Transcribe each entry exactly; skip the images.

_Dataset items_
==================================================

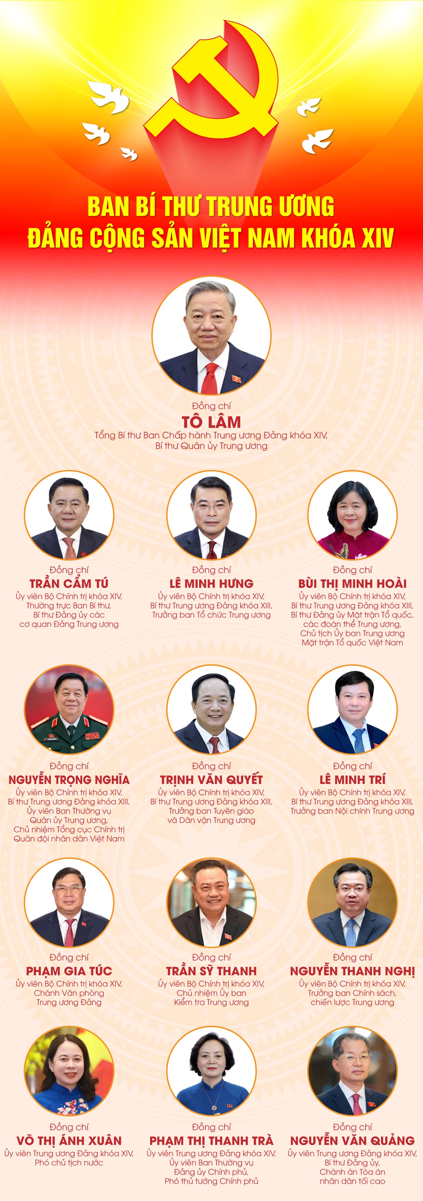 Ngày 30-1, thay mặt Bộ Chính trị, Tổng Bí thư Tô Lâm ký ban hành Quyết định phân công Ủy viên Bộ Chính trị khóa XIV tham gia Ban Bí thư khóa XIV (Quyết định số 05-QĐNS/TW).
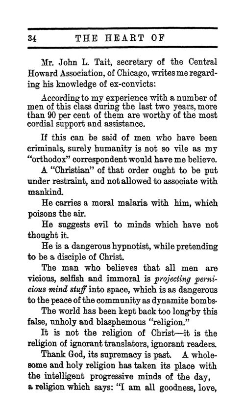 Thank God, its supremacy is past. A wholesome and holy religion has taken its place with the intelligent progressive minds of the day, a religion which says: "I am all goodness, love,
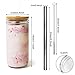 【Practical Design】: The glass cups with lids and straws could be serving any beverage.Each set has 2 24oz glass tumblers, 2 stainless steal straws, 2 100% bamboo lids, 1 cleaning brush, practical combination kit
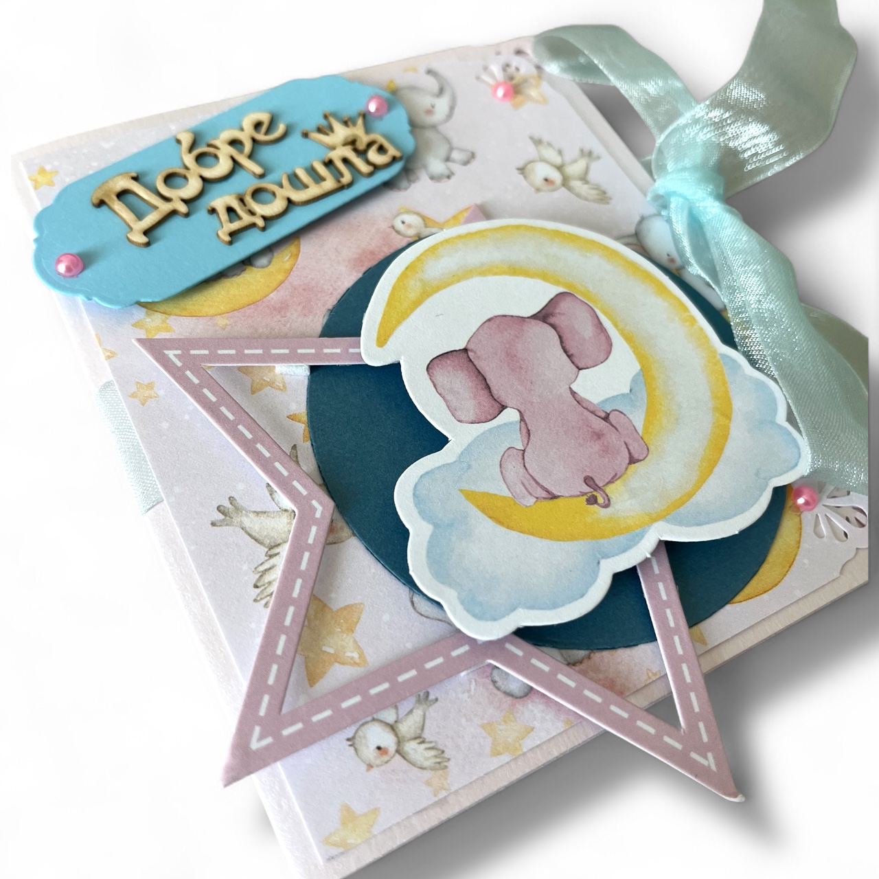 перлен картон, дизайнерски картон, дървени елементи, декоративни хартиени елементи, панделка от органза, декоративни камъчетаЕкспресна доставка в цялата страна с куриерска фирма Спиди.
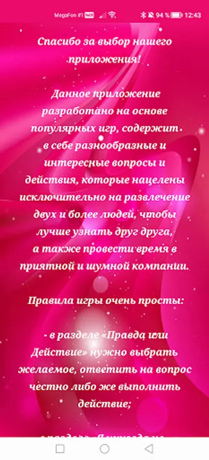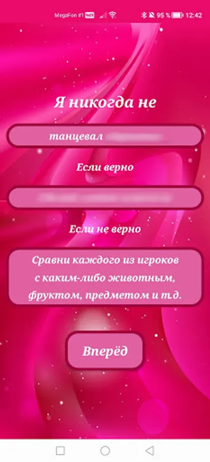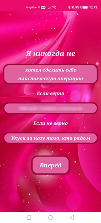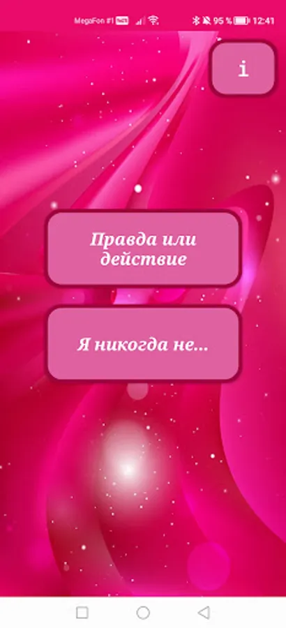 Our application is perfect for entertainment, because it contains two sections at once: the games "Truth or Dare" and "I have never", which contain the most interesting and varied questions, including tricky ones. Prepare yourself for questions such as:
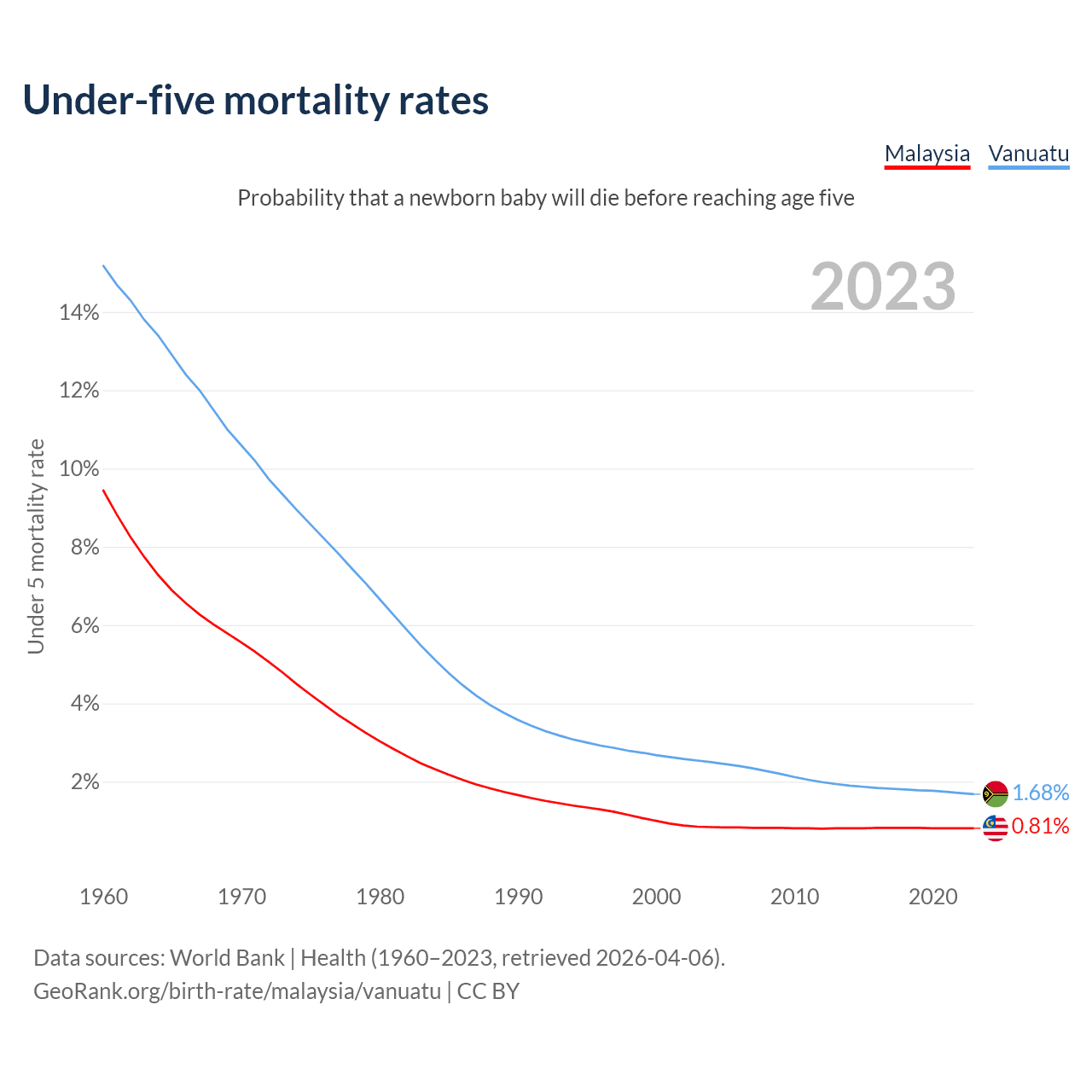 The chance that a newborn baby will die before reaching age five is 0.81% in Malaysia and 1.68% in Vanuatu. Above is a chart with historical data on under-five mortality rates.
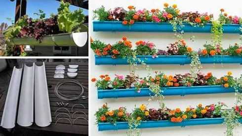Подвесные кашпо из труб, распиленных вдоль – симпатичное украшение для забора.
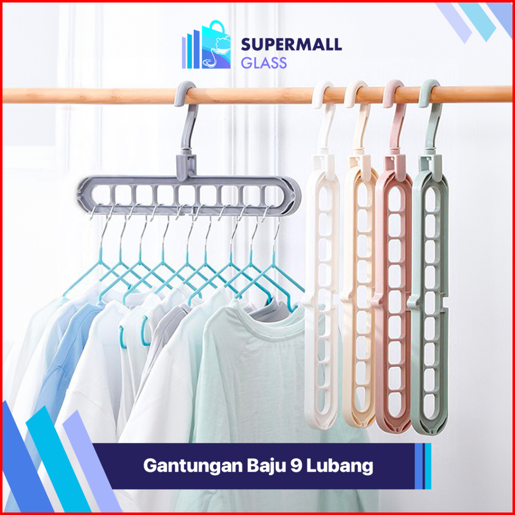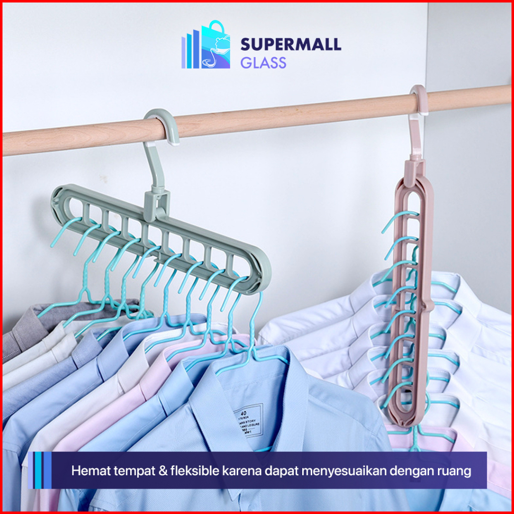 Supermall Glass Gantungan Baju 9 Lubang Magic Hanger Jemur Baju Efisien Tempat Pakaian Ajaib
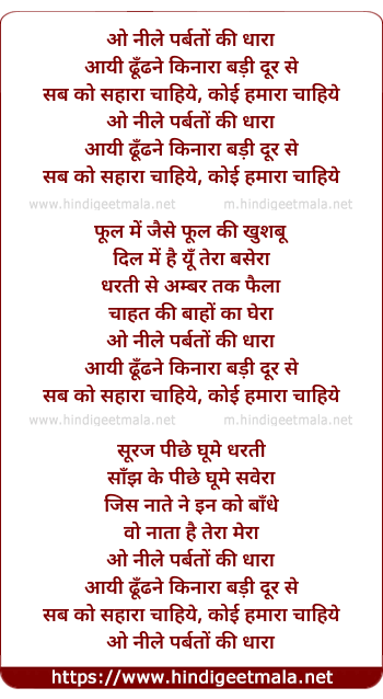 Lyrics of O Nile Parbaton Ki Dhaaraa - ओ नीले पर्बतों की धारा
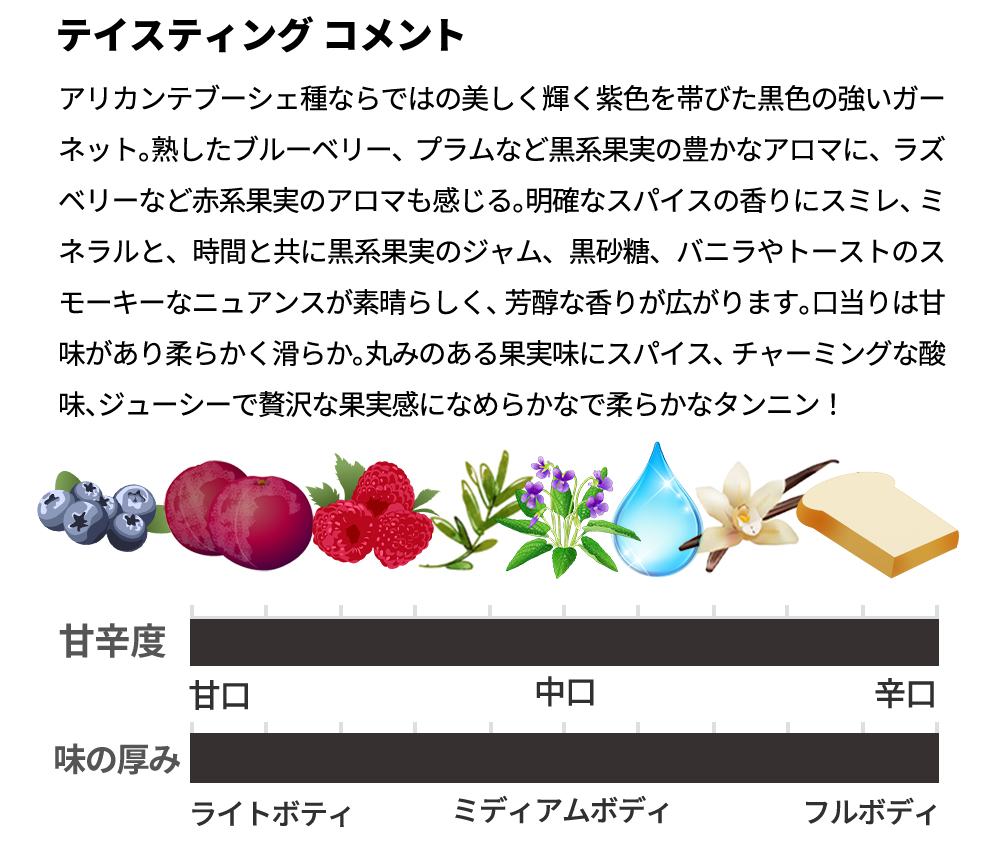 明確なスパイスの香りにスミレ、ミネラルと、時間と共に黒系果実のジャム、黒砂糖、バニラやトーストのスモーキーなニュアンスが素晴らしく、芳醇な香りが広がります。口当りは甘味があり柔らかく滑らか。
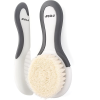 Fésű - kifésüléshez, gyerek hajra, műanyag nyél, kecskeszőr fogakkal, fehér és szürke kivitel A REER fésű és kefe készletet a finom babahaj fésülésére és formázására tervezték. A kefe puha természetes sörtékkel rendelkezik, amelyek nem karcolnak vagy húznak. A fésű alkalmas az erősen kusza haj
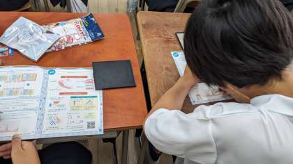 DVDを見ながら歯肉炎について学び、みがき方やデンタルフロスの使い方を実践練習しました。
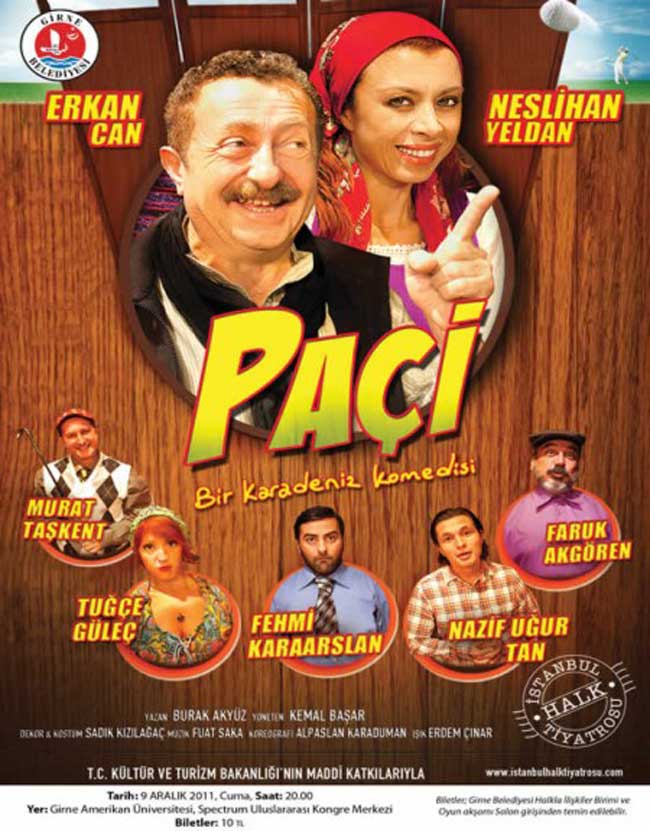 Paçi’yi İstanbul Halk Tiyatrosu İstanbul dışında turne kapsamında yurdun çoğu illerinde ve Kıbrıs’ta sahnelemiş. Kemal Başar’ın yönettiği, geleneksel tiyatro öğelerinin bol bol kullanıldığı çağdaş bir yorumla sahnelenen müthiş bir Karadeniz komedisi. Oyunda Karadeniz'de gezici tiyatro yapan bir adamın Karadeniz'i değiştirmeye, bozmaya, satmaya, talan etmeye çalışanlara karşı mücadele ederken karşısına çıkan Karadeniz kadar hırçın bir kızın birleşen öyküsü sahnede izleyici ile buluşuyor. Modern bir Donkişot öyküsü gibi.

==================================================

_Task result_
 Ngày 30-1, thay mặt Bộ Chính trị, Tổng Bí thư Tô Lâm ký ban hành Quyết định phân công Ủy viên Bộ Chính trị khóa XIV tham gia Ban Bí thư khóa XIV (Quyết định số 05-QĐNS/TW).
 Thank God, its supremacy is past. A wholesome and holy religion has taken its place with the intelligent progressive minds of the day, a religion which says: "I am all goodness, love,
 【Practical Design】: The glass cups with lids and straws could be serving any beverage.Each set has 2 24oz glass tumblers, 2 stainless steal straws, 2 100% bamboo lids, 1 cleaning brush, practical combination kit
 перлен картон, дизайнерски картон, дървени елементи, декоративни хартиени елементи, панделка от органза, декоративни камъчетаЕкспресна доставка в цялата страна с куриерска фирма Спиди.
 Our application is perfect for entertainment, because it contains two sections at once: the games "Truth or Dare" and "I have never", which contain the most interesting and varied questions, including tricky ones. Prepare yourself for questions such as:
 The chance that a newborn baby will die before reaching age five is 0.81% in Malaysia and 1.68% in Vanuatu. Above is a chart with historical data on under-five mortality rates.
Подвесные кашпо из труб, распиленных вдоль – симпатичное украшение для забора.
 Supermall Glass Gantungan Baju 9 Lubang Magic Hanger Jemur Baju Efisien Tempat Pakaian Ajaib
 Lyrics of O Nile Parbaton Ki Dhaaraa - ओ नीले पर्बतों की धारा
 明確なスパイスの香りにスミレ、ミネラルと、時間と共に黒系果実のジャム、黒砂糖、バニラやトーストのスモーキーなニュアンスが素晴らしく、芳醇な香りが広がります。口当りは甘味があり柔らかく滑らか。
 Fésű - kifésüléshez, gyerek hajra, műanyag nyél, kecskeszőr fogakkal, fehér és szürke kivitel A REER fésű és kefe készletet a finom babahaj fésülésére és formázására tervezték. A kefe puha természetes sörtékkel rendelkezik, amelyek nem karcolnak vagy húznak. A fésű alkalmas az erősen kusza haj
 DVDを見ながら歯肉炎について学び、みがき方やデンタルフロスの使い方を実践練習しました。
 Paçi’yi İstanbul Halk Tiyatrosu İstanbul dışında turne kapsamında yurdun çoğu illerinde ve Kıbrıs’ta sahnelemiş. Kemal Başar’ın yönettiği, geleneksel tiyatro öğelerinin bol bol kullanıldığı çağdaş bir yorumla sahnelenen müthiş bir Karadeniz komedisi. Oyunda Karadeniz'de gezici tiyatro yapan bir adamın Karadeniz'i değiştirmeye, bozmaya, satmaya, talan etmeye çalışanlara karşı mücadele ederken karşısına çıkan Karadeniz kadar hırçın bir kızın birleşen öyküsü sahnede izleyici ile buluşuyor. Modern bir Donkişot öyküsü gibi.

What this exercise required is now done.